Stylish square leather seats take up the space between devil-like metal figures, poised on white podiums. Recessed ceiling lights are carefully positioned onto a frank rectangle bar at the back of the gallery, surrounded by brick-and-steel walls-- revealing smiles and glances, chatter, bowed heads reading-- waiting for the event to begin.
An industruous staircase at the back leads up to a full-frontal vintage Chevy fender-and-headlight bench directly behind the railing upstairs, among more paintings and hangings. And even a chance meeting of Matt Gonzalez; how very San Francisco.
The Litquakers sat silently between the podiums and under the lights, as five authors rang out with the truth of their stories, exploring the aesthetic and ethical "phases" of existence in Kierkegaard's “Either/Or” method, on a warm, Wednesday, downtown evening.

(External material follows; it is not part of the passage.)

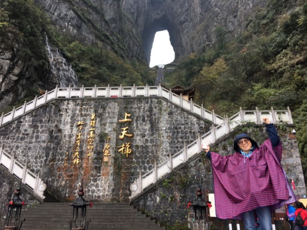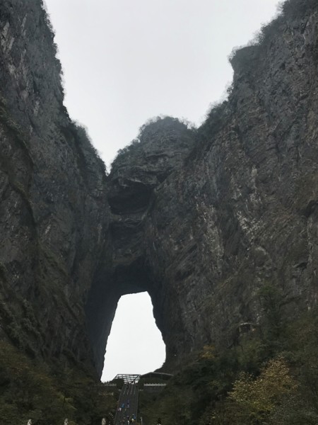 回到 天門洞廣場 時,雨停了,天也放晴了。 更令人興奮的是,天門洞 完整呈現眼前。
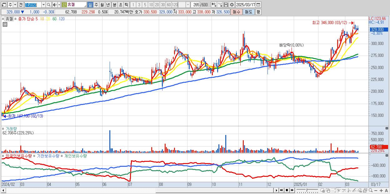 - 휴젤 (329,000원 ▼ -0.3% , 시총: 41,467억, 외국인 순매수 거래금:72억)

Nona Caspers read "The Dog;" Matthew Iribar a story about a struggling artist in SF; Andrew Foster Altschul delivered a snappy piece called "Mile High;" Sean Beaudoin a short on making adeal with the devil; Ben Greenman read the finale, about love and infidelity.
The name of the event hints at the genre itself, shortened stories: shorts. And the rawness of the experience itself, read out loud, live and in front, among wine glasses and thoughtful gases.

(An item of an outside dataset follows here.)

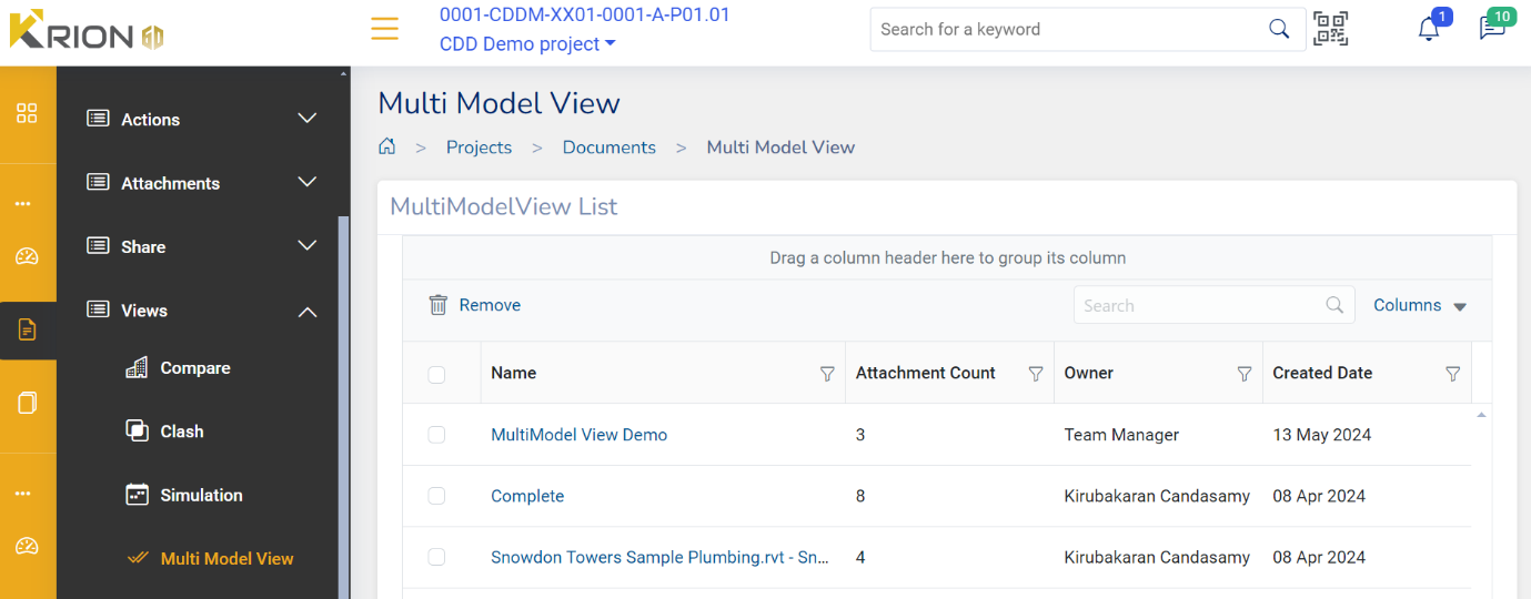 Navigate to Views under Projects and Click on Multi Model View . The “Multi Model Demo” document will be in the Multi-model View List. Select the file to view the comparison.

Litquake Executive DirectorElise Proulx conducted the first poll of the six-year old festival, which described festival attendees as a distinctly 30-something crowd, and mostly women (among mostly male authors).

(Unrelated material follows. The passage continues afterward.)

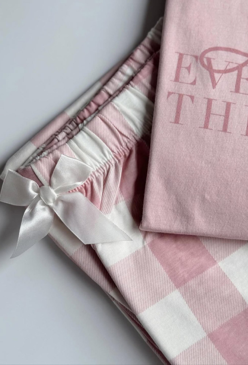 Ніжна жіноча піжама Annabelle від польського бренду Sensis. Піжама виконана з високоякісного, м'якої та приємної до тіла бавовни пудрового кольору, він поєднує комфорт і ніжну естетику. Складається комплект з однотонної кофти прямого силуету та штанів із щільної бавовни у білий картатий принт. Кофта з рукавами 3/4 та акуратним круглим вирізом, спереду прикрашена принтом з напису - ідеальний варіант для затишних домашніх вечорів. Штани виконані в злегка звуженому до низу крої та з м'якою гумкою в поясі, на талії прикрашені витонченим атласним бантиком, що надає образу делікатної жіночності. Піжама не тільки приваблива і неймовірно комфортна - вона легко стає улюбленим домашнім комплектом та відмінним подарунком для коханої чи близької людини.

Ben Greenman left flyers for his postcard story-writing project called Correspondences, celebrating the lost art of letter-writing. He joked with us at intermission that he usually goes with a humorous story over a serious one, since that kind of silence could mean the audience is in rapt attention, or merely indifferent. And, he also reported that Litcrawl doesn't work in New York, since there isn't a close-knit enough area that works, without having to taxi.